Pero sigue siendo El Rey

Un día como hoy, pero de 1926, nació en Dolores Hidalgo, Guanajuato, una de las más grandes glorias que, musicalmente hablando, ha dado esta nación: El Rey.

José Alfredo Jiménez nació en el seno de una familia humilde y desde niño sintió gran atracción por el futbol, su primera gran pasión. Mientras hacía gracias como portero, su posición favorita, a los 11 años empezó a manifestar su atracción por la música y a crear sus primeras canciones.

Fue en sus años de juventud cuando, en un restaurante donde se ganaba la vida como cantante, fue descubierto por un empresario que lo animó a participar en un programa de la radiodifusora XEW.

Su lanzamiento al mundo del estrellato y lo que hizo fueron historia, porque es imposible hablar de música de mariachi, o de música tradicional mexicana, sin mencionar temas que son más que clásicos y que nos han dado fama mundial. Sencillamente es imposible pensar en temas de nuestro país, sin tararear: “no tengo trono ni reina, ni nadie que me comprenda, pero sigo siendo el rey”.
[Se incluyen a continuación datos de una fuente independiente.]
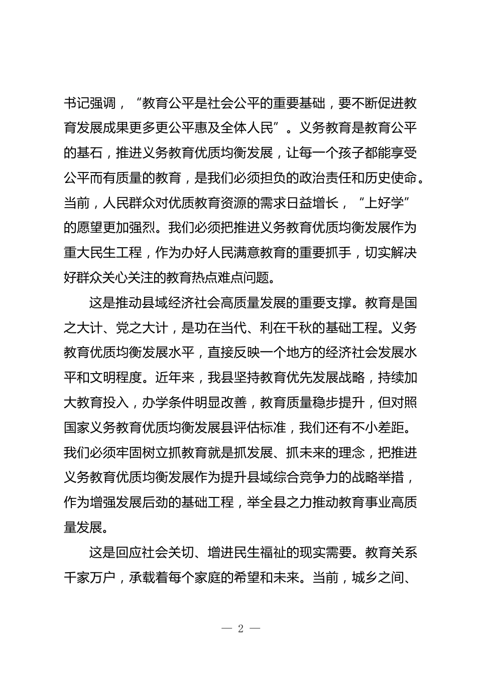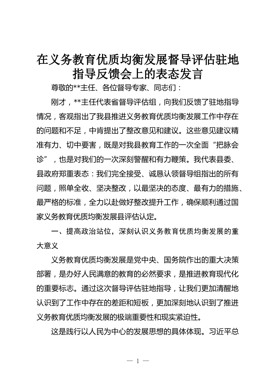 在義務(wù)教育優(yōu)質(zhì)均衡發(fā)展督導(dǎo)評估駐地指導(dǎo)反饋會上的表態(tài)發(fā)言尊敬的**主任、各位督導(dǎo)專家、同志們:剛才,**主任代表省督導(dǎo)評估組,向我們反饋了駐地指導(dǎo)情況,客觀指出了我縣推進(jìn)義務(wù)教育優(yōu)質(zhì)均衡發(fā)展工作中存在的問題和不足,中肯提出了整改意見和建議。這些意見建議精準(zhǔn)有力、切中要害,既是對我縣教育工作的一次全面“把脈會診”,也是對我們的一次深刻警醒和有力鞭策。我代表縣委、縣政府鄭重表態(tài):我們完全接受、誠懇認(rèn)領(lǐng)督導(dǎo)組指出的所有問題,照單全收、堅決整改,以最堅決的態(tài)度、最有力的措施、最嚴(yán)格的標(biāo)準(zhǔn),全力以赴做好整改提升工作,確保順利通過國家義務(wù)教...

Su debilidad por las mujeres, su imagen de macho mexicano, de aquel que sufre por amores y se emborracha en la cantina, lo convirtieron, además, en un personaje icónico de su tiempo, y en un romántico conquistador de corazones. El cantautor falleció en 1973, a la edad de 47 años, pero dejó un legado musical que es, probablemente, el más importante en la historia de nuestro país.

Hoy es un buen día para recordarlo, tomar un tequila a su salud y escuchar sus canciones. ¿Cuál es tu favorita?